Soft tissue sarcoma (STS) encompasses an anatomically and histologically diverse group of neoplasms, most of which arise from mesodermal origin. These neoplasms are rare with approximately 7000 cases and 4300 deaths per year in the United States (1). Complete surgical resection is the cornerstone of treatment and prognosis is associated with tumor size, depth, histologic grade and anatomic site of the primary lesion (2). Retroperitoneal/visceral (RP/V) sarcoma has a worse prognosis than extremity/trunk (E/T) lesions, and this is likely due to its frequent presentation with large size precluding complete surgical resection (3). Multimodality therapy with adjuvant radiation has been shown to improve local control in resected high risk extremity sarcoma (4, 5), but toxicity to adjacent organs limits the delivery of adequate dose radiation therapy to the tumor bed after resection of most RP/V tumors. The data on the usefulness of adjuvant chemotherapy for high risk STS is conflicting, but a meta-analysis of the published literature suggests a marginal benefit in disease-specific survival, but not overall survival (6). Most histologic subtypes have the capacity to spread hemato-genously and regional lymph node metas- tases are rare. Pulmonary metastasis is the most common site of distant failure, but complete surgical resection of pulmonary metastasis has resulted in long term survival in select patients (7).
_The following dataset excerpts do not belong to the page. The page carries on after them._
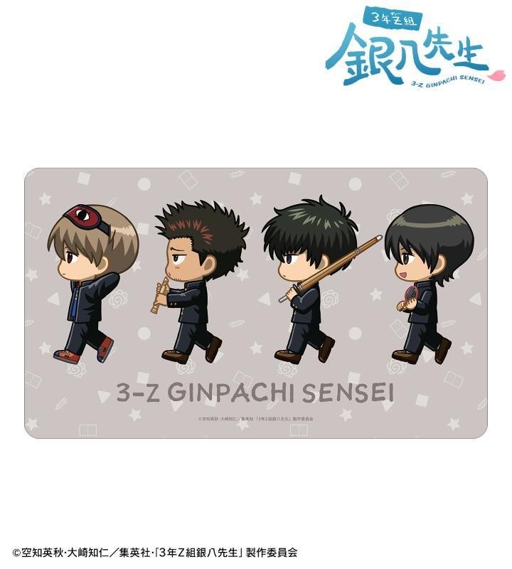 坂田銀八、志村新八、神楽、近藤勲、土方十四郎、沖田総悟、山崎退が歩いているちびキャラを新たに描き起こし、マルチデスクマットに仕上げました。
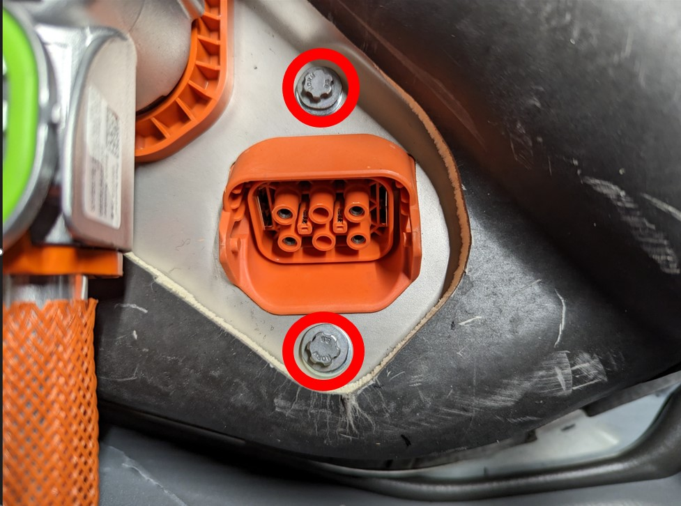 Install the bolts (x2) that attach the charge port busbars to the HV
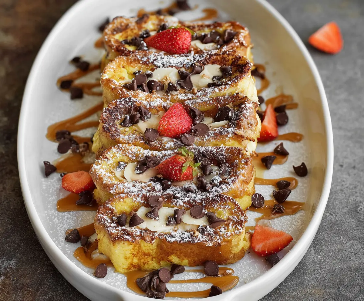 Once cooked, transfer the French toast to a serving plate. Dust with powdered sugar and sprinkle some extra mini chocolate chips on top.

Etiology, epidemiology and genetics

Most STS patients have no identifiable exposure to an etiologic agent. Some have suggested that a history of previous local trauma predisposes to the development of STS, but this has been refuted by others and remains unproven. Radiation associated sarcoma has been seen in patients with a history of ionizing radiation therapy, but this is a relatively rare occurrence and represents only a small fraction of STS patients. In addition, lymphangiosarcoma has been associated with chronic lymphedema in patients who have had axillary surgery and radiation for breast cancer (Stewart-Treves syndrome).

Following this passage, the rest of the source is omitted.